Starbucks has many competitors now.. The $4 Latte was too great of a boondoggle for others to ignore. Starbucks has hit a couple of bumps in an otherwise smooth ride. They closed a number of stores in the 2008 Recession and a few years later they made stores less luxuriant in an effort to turn tables faster. Some slackers were settling into the comfy chairs for an all-day visit. Overall, Starbucks is still true to its original concept: good coffee, good music, tolerable bench-like seating (now).

Apple has had an amazing trajectory. It was having a near-death experience in 1997 when Steve Jobs returned and brought his evangelical techno-wizardry back to the forefront. Apple is still riding high but with a couple of caveats (hinted at in a Simpson’s spoof)... It has a cult-like aspect both with employees and customers. A product's success should be based on intrinsic merit, not purely hipness or brand allegiance. There also appears to be an “Apple tax” paid for devices and accessories which is a monetary concern for people on a budget. Not surprisingly Samsung and Microsoft have wooed some people away with Galaxies and Surface Pro’s – you can’t sell to all of the people all of the time.

Whole Foods probably registers the biggest change from my own observations. Whole Foods Market was a fun, counterculture, quasi-hippie divergence in years gone by. Its parking lot had VW vans and cars plastered with provocative bumper stickers (“Eat brown rice” “Uppity Women Unite”). The whole shopping trip was like a reefer run to a hippie commune, or to an Austin health food emporium. It was fun and somewhat subversive. Stick it to the Man and buy cool stuff at the same time.

Whole Foods is now a snobby, pretentious experience – a gluten-free, cage-free, wine tasting affair with major appeal to law partners, CPA’s and soccer moms.
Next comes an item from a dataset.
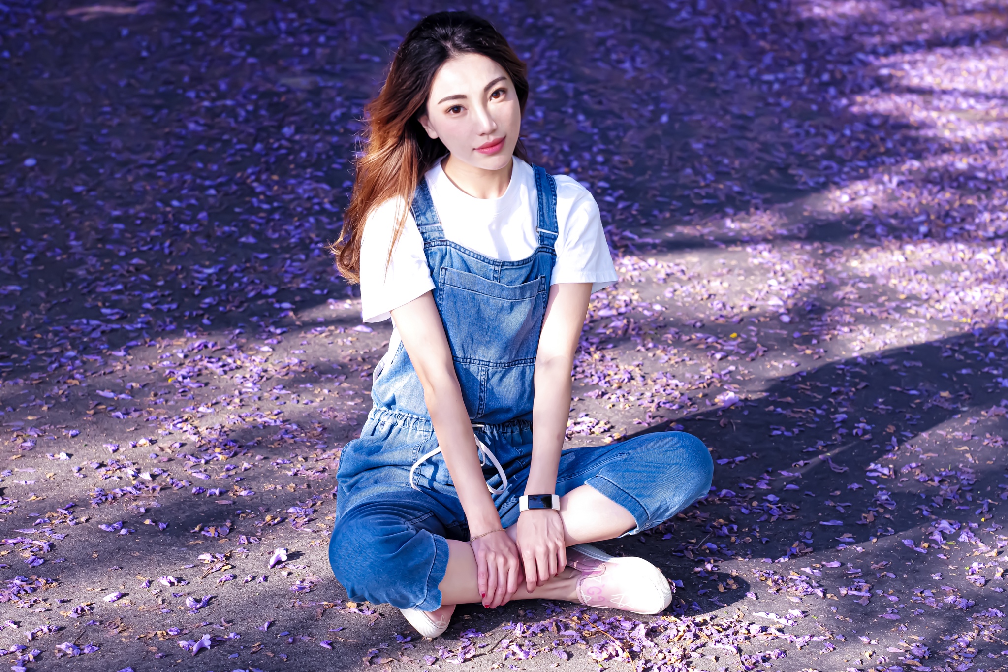 Painting of a young woman with long brown hair sitting cross-legged outdoors on a purple and gold ground.

The parking lot has mostly Mercedes, Porsche, and Lexus cars with a couple of reserved spaces for “eco-friendly” electric cars. Whole Foods’ 1980 concern over the ecosystem played well into the 2015 boomer fixation around global warming, recycling and carbon footprints. An obnoxious PwC Sr. Manager can assuage his capitalist conscience by knowing he just ate cage-free chicken and purchased a greeting card made from 100% recycled paper. Absolution never came so easily.

I might be judging these things in a harsh light and maybe not. I still patronize all these places in 2015. For Whole Foods, it might just be more of a people watching experience – but I must admit that their chocolate-toffee wafer cookies keep me coming back too.